The last wall, which will be raced twice, is hard enough to drop the sprinters. But which team will try to drop them? Maybe UAE for Ulissi? DQS for Honore/Almeida? TBM for Battaglin? Ineos for Narvaez? Trek for Antonio? Lots of questions before the start.
Drop who? Viviani, Hodeg, Gaviria? Those guys aren't favorites anyway. They won't drop Demare, Sagan, Matthews.
 
No wind tomorrow, so that will not be a factor, despite being on the coast all day.

However, from the bottom of Sant'Angelo until the finish is pretty lumpy, with a lot of twists and turns, and I would not put it past both DQ and Bora to try and do something, to gain time on GC (and the stage win).
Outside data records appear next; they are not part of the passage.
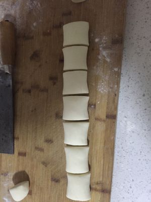 多揉一会面团,然后取一小块(根据你的案板大小)搓成长条,剁成小块,揉成馒头。
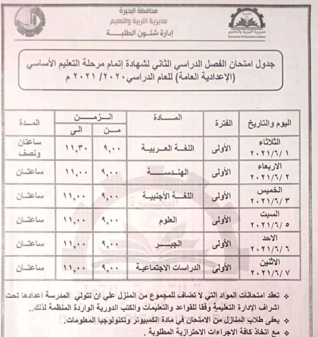 جدول امتحانات الشهادة الإعدادية بالبحيرة
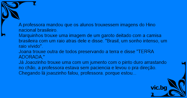 Chegando lá joaozinho falou, professora. porque estou aqui? apenas fiz meu dever de casa. Opa.. nem falei a frase " gigante pela propria natureza"
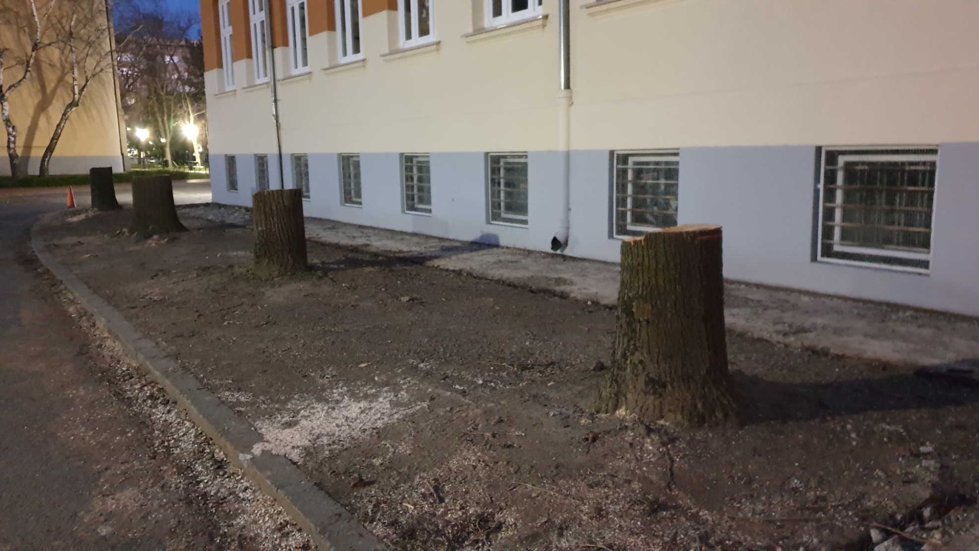 Örömmel látjuk, hogy a város különböző pontjain cserére kerülnek az elöregedett, nem odaillő fák. Ez a csere ebbe a sorba illeszkedik. Az előzőekben említettek miatt az iskola épületének északi fala mellett álló fák helyett a kevesebb fényt jobban elviselő alacsonyabb növésű fák kerülnek majd telepítésre, amelyek így kissé távolabb is kerülhetnek az épülettől. Az iskola „örökbe fogadja” az új facsemetéket, vállalva a fiatal fák gondozását, öntözését. Közbiztonság szempontjából is jobb lesz a terület kevésbé beárnyékolt volta.
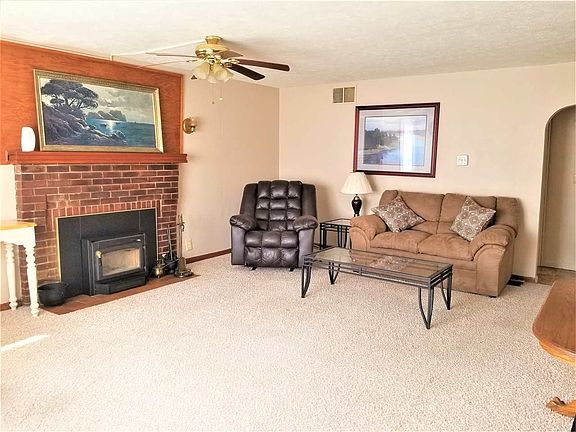 CUTE HOME * NEW POLE BARN * GARAGES TOO! Neat 2 bedroom, 1 bathroom, 944 sf house on 0.295 acres. Features spacious living room, fireplace with NEW wood burning insert and stainless steel pipes, original hardwood under the carpet, insulated attached garage, NEW 40x30 pole barn, and a 21x18 outbuilding. Also, NEW kitchen cabinets, water lines, paint, ceiling fans, walk in shower, some wiring and carpet, HVAC (2016) and roof. County property with city utilities close to VA hospital. IMMEDIATE POSSESSION.
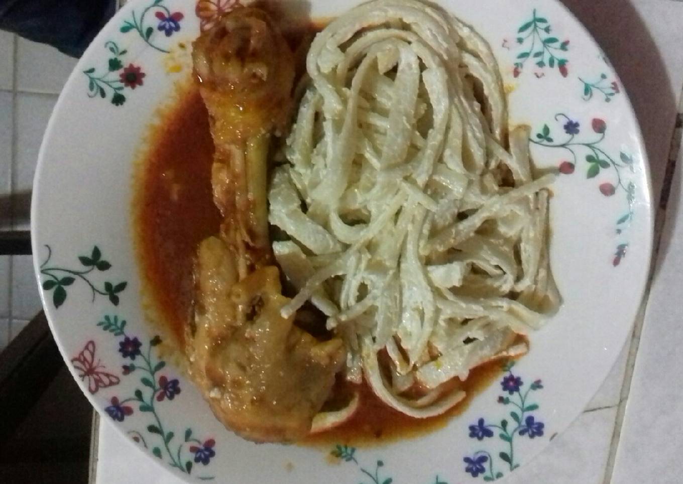 Lo acompañé con espagueti blanco, hecho con media crema y queso crema... sofrito en mantequilla.

If they are smart, both teams put a rider in the morning break, to force FDJ to be doing the pulling in the peloton the first half, so that they are gassed when the lumpy part starts.
 
Sprinters teams should leave it to FDJ to chase, then pound on the semi-mur twice. But perhaps FDJ is not interested, in which case the break will win with a 10 minute advantage. Or Bora do the chasing, in which case they will come up short when it's really needed, and Démare (yawn) will win again.
 
Another easy Demare win. When was the last time anyone had three stage wins in succession in the Giro?
Emanuele Sella came close in 2008 finishing second on Plan de Corones after he had already won the two prior Dolomites stages finishing at Alpe di Pampeago & Passo Fedaia!

Before Fred Rodriguez denied Petacchi in 2004 and Pantani was thrown out of the race before the Aprica stage in 1999!